Quickstart

Prerequisites

Before you begin, ensure you have the following installed:

Android Studio Hedgehog (2023.1.1) or newer
JDK 11 or higher
Android SDK with API level 24 or higher
An Android device or emulator running Android 7.0 (API 24) or higher

The app requires the RECORD_AUDIO permission. Make sure your device or emulator has microphone access enabled.

Installation

Clone the repository

Clone the project to your local machine:

terminal

git clone <repository-url>
cd voice-to-text-android

Open in Android Studio

Open Android Studio and select “Open an existing project”. Navigate to the cloned directory and click “OK”.

Android Studio will automatically start syncing Gradle files. This may take a few minutes on the first run.

Sync Gradle

Wait for Gradle to sync all dependencies. The app uses standard AndroidX libraries:

dependencies

implementation(libs.androidx.core.ktx)
implementation(libs.androidx.lifecycle.runtime.ktx)
implementation(libs.androidx.activity.compose)
implementation(platform(libs.androidx.compose.bom))
implementation(libs.androidx.material3)

Configure device or emulator

Set up your target device:For physical device:

Enable Developer Options and USB debugging
Connect your device via USB
Verify the device appears in Android Studio’s device dropdown

For emulator:

Open AVD Manager in Android Studio
Create a new virtual device with API 24 or higher
Ensure the emulator has microphone access enabled in settings

Run the app

Click the Run button (green play icon) or press Shift + F10. Android Studio will build and install the app on your selected device.

The first build may take several minutes as Gradle downloads dependencies and compiles the project.

Using the app

Once the app is running, you’ll see a simple interface with a text field and a “Speak” button.

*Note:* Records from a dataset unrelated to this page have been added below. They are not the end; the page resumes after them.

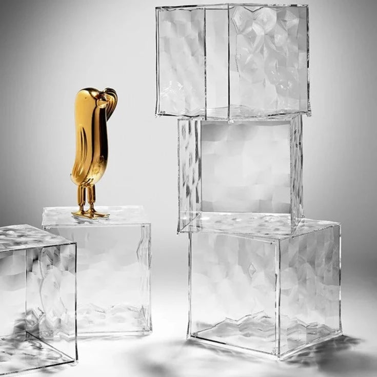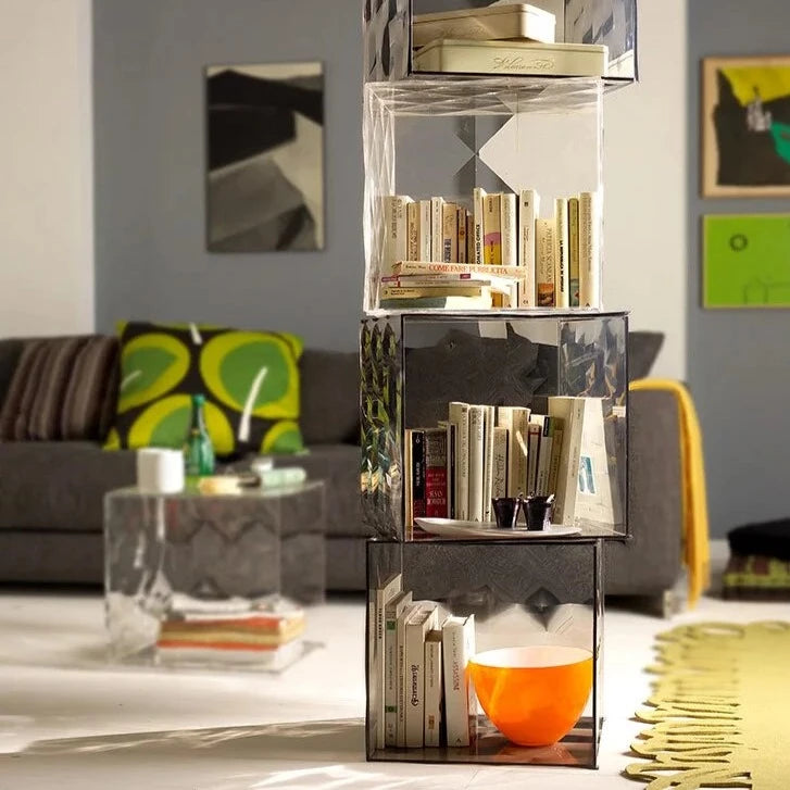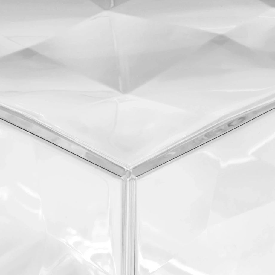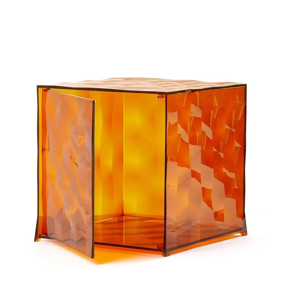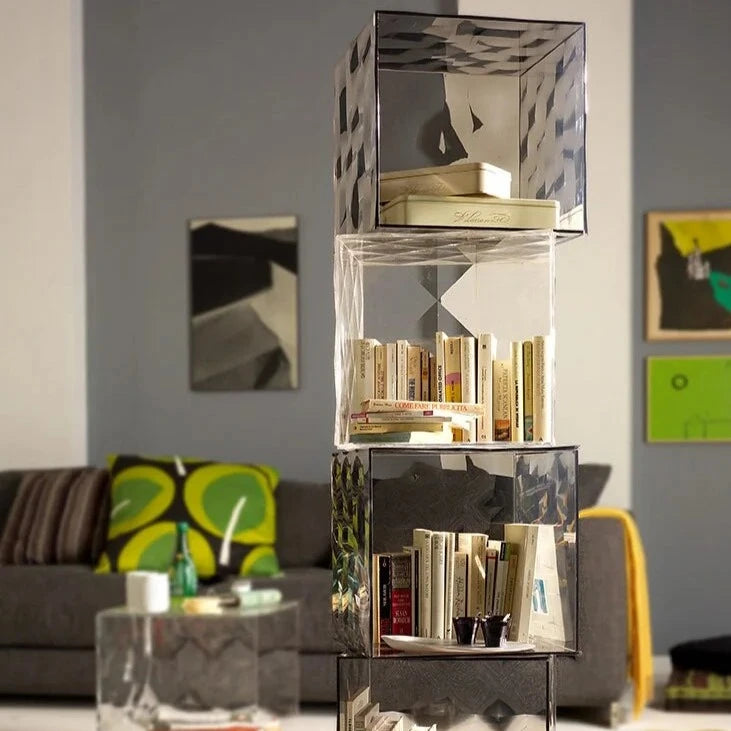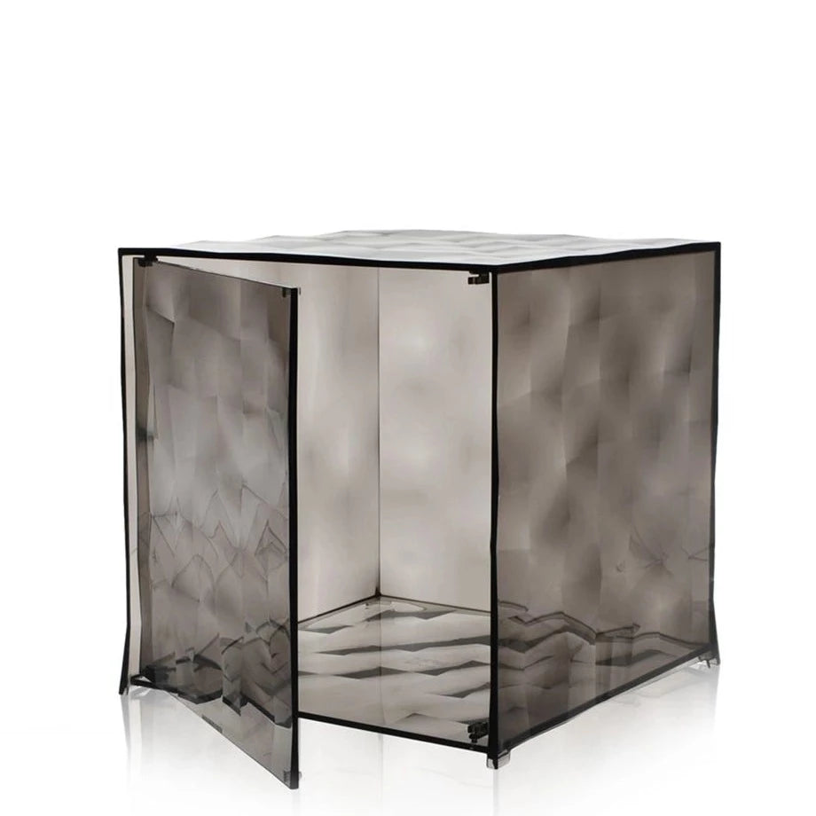 Optic is a container cube in PMMA which comes in two versions: closed with a door or with one open side. Its surface is strikingly decorated with square based pyramids, slightly in relief, which, whether transparent or mirrored, create a strong visual impact.
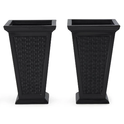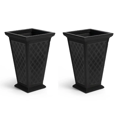 Enjoy the classic look of a tapered pedestal planter with the modern convenience of self-watering with the FCMP Outdoor Resin 24″ Self-Watering Pedestal Taper Planter Set.These planters are self-watering, so they do all the work for you. A reversible liner allows you to drill drainage holes if you prefer to display a potted plant elevated in this pedestal planter.Each planter stands 24 inches tall and features a Moroccan-inspired design. High grade recycled resin that is BPA-free and UV inhibited means they will not fade in sunlight.Refresh your front porch or patio and elevate your style with the durability and elegance of the Resin 24″ Self-Watering Pedestal Taper Planter Set by FCMP Outdoor.
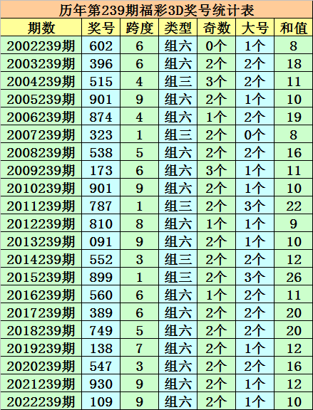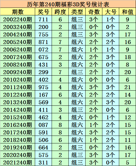 在以上奖号中奖,历年第240期福彩3D出现8次组三,出现12次组六。组三、组六比例持平,本期注意组六出现。
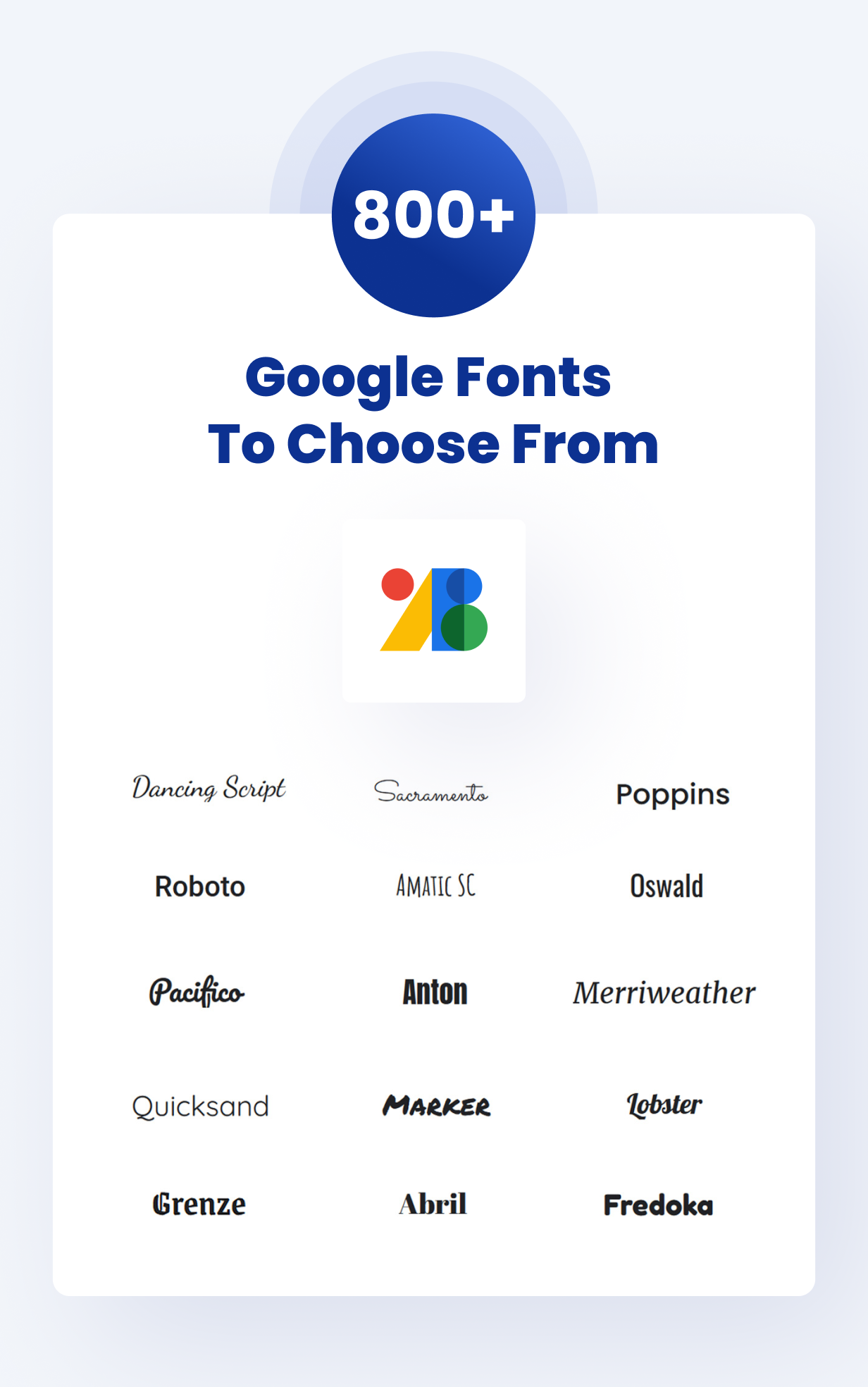 Global Body & Headings Google Fonts – Choose body and heading font in your setup panel. It will automatically be displayed on all of your pages. 800+ fonts are available.
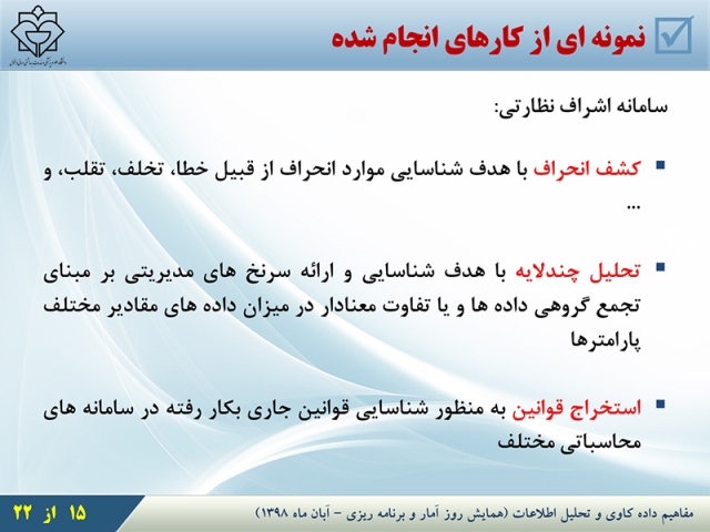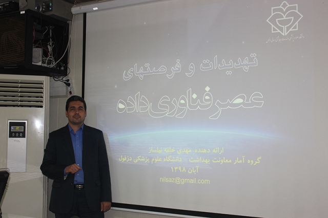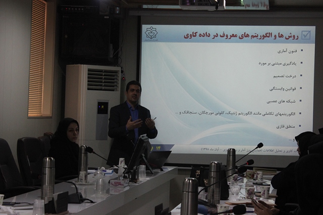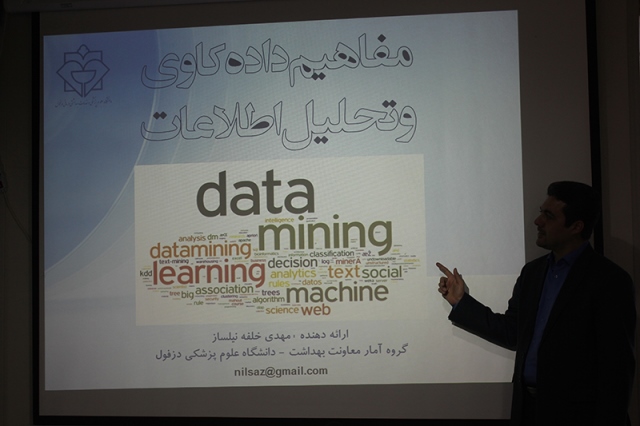 در ادامه کارگاه مفاهیم دادهکاوی و تحلیل اطلاعات توسط دکتر خلفه نیلساز برگزار شد. در این کارگاه ابتدا مفاهیم علم دادهکاوی، اهمیت و کاربردهای آن تشریح شد. دکتر خلفه نیلساز با بیان نمونههایی از فعالیتهای انجامگرفته، در این کارگاه گفت: دادهکاوی یعنی استخراج اطلاعات گرانبها از حجم عظیم منابع داده. وظیفهی دادهکاوی، کاویدن و استخراج دانش از منابع عظیم داده است تا اطلاعات گرانبهایی که در حجم انبوهی از اطلاعات سطحی پنهان شده است را آشکار سازد. تفاوت اصلی دادهکاوی و علم آمار، در حجم دادههای مورد تحلیل، روش مدلسازی دادهها و استفاده از هوش مصنوعی است. دادهکاوی شاخهی توسعهیافته و پیچیدهی علم آمار است.
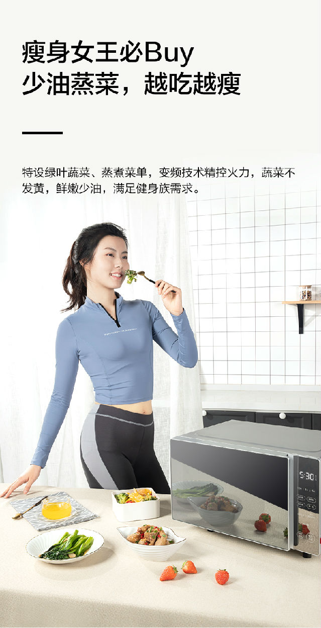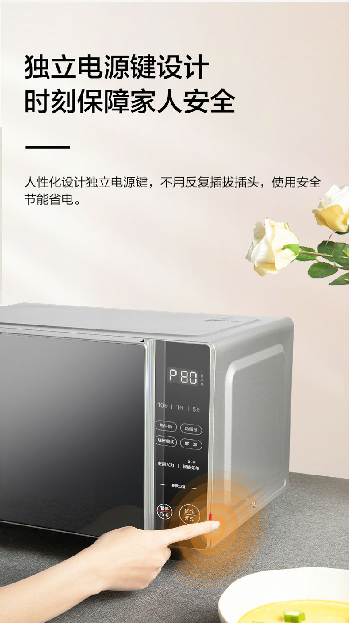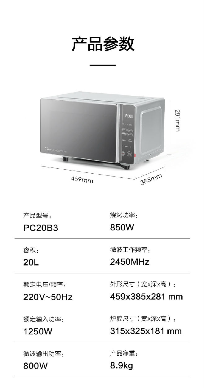 美的(Midea)家用多功能微波炉20升 微烤一体机 智能解冻 大平板均匀加热 PC20B3
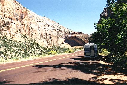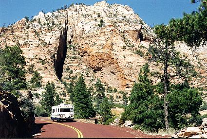 You have to see this place to believe it. You can't just look at little pictures and know what it is like. So, start packing. Oh, by the way....sorry for the dark sky at the top of the pictures, but they didn't make the windshield big enough for Zion. And, yes that's John in the last picture. |
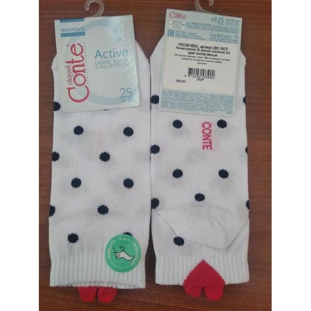CONTE Носки жен. ACTIVE (20С-18СП) 222 (укор/"Горошек) р.23 Белый

Grant microphone permission

Tap the “Speak” button. On first use, the app will request permission to record audio. Tap “Allow” to grant the permission.

MainActivity.kt:125-143

if (ContextCompat.checkSelfPermission(
        context,
        Manifest.permission.RECORD_AUDIO
    ) == PackageManager.PERMISSION_GRANTED
) {
    // Launch speech recognizer
    val intent = Intent(RecognizerIntent.ACTION_RECOGNIZE_SPEECH)
    speechRecognizerLauncher.launch(intent)
} else {
    // Request permission
    ActivityCompat.requestPermissions(
        context as Activity,
        arrayOf(Manifest.permission.RECORD_AUDIO),
        100
    )
}

Speak your message

After granting permission, tap “Speak” again. A Google speech recognition dialog will appear with the prompt “Speak now…”Speak clearly into your device’s microphone. The recognized text will automatically populate the text field.

View results

The recognized speech appears in the text field. You can also manually type or edit the text if needed.

MainActivity.kt:80-91

val speechRecognizerLauncher = rememberLauncherForActivityResult(
    contract = ActivityResultContracts.StartActivityForResult(),
    onResult = { result ->
        val spokenText = result.data
            ?.getStringArrayListExtra(RecognizerIntent.EXTRA_RESULTS)
            ?.firstOrNull()
        if (spokenText != null) {
            prompt = spokenText  // Update text field
        } else {
            Toast.makeText(context, "Failed to recognize speech", Toast.LENGTH_SHORT).show()
        }
    }
)

Project structure

Here’s an overview of the key files in the project:

app/src/main/
├── java/com/android/example/voicetotext/
│   ├── MainActivity.kt           # Main activity and UI components
│   └── ui/theme/
│       ├── Color.kt             # Material3 color definitions
│       ├── Theme.kt             # App theme configuration
│       └── Type.kt              # Typography styles
├── res/
│   ├── values/
│   │   └── strings.xml          # String resources
│   └── xml/
│       └── backup_rules.xml     # Backup configuration
└── AndroidManifest.xml          # App manifest with permissions

Understanding the core components

MainActivity

The MainActivity class in MainActivity.kt:45-61 sets up the app with edge-to-edge display and Jetpack Compose:

MainActivity.kt

class MainActivity : ComponentActivity() {
    override fun onCreate(savedInstanceState: Bundle?) {
        super.onCreate(savedInstanceState)
        enableEdgeToEdge()
        setContent {
            VoiceTotextTheme {
                Scaffold(
                    modifier = Modifier.fillMaxSize(),
                    topBar = { AppBar() }) { innerPadding ->
                    VoiceRecognitionScreen(
                        modifier = Modifier.padding(innerPadding)
                    )
                }
            }
        }
    }
}

VoiceRecognitionScreen

This composable function (MainActivity.kt:75-152) contains all the UI and voice recognition logic:

Text field: A BasicTextField with a custom decoration box for placeholder text
Voice button: Triggers the speech recognition flow
Result handler: Processes the recognized speech and updates the UI state

RecognizerIntent configuration

The app configures the speech recognizer with these parameters in MainActivity.kt:130-136:

val intent = Intent(RecognizerIntent.ACTION_RECOGNIZE_SPEECH)
intent.putExtra(
    RecognizerIntent.EXTRA_LANGUAGE_MODEL,
    RecognizerIntent.LANGUAGE_MODEL_FREE_FORM  // Free-form speech
)
intent.putExtra(RecognizerIntent.EXTRA_LANGUAGE, Locale.getDefault())
intent.putExtra(RecognizerIntent.EXTRA_PROMPT, "Speak now...")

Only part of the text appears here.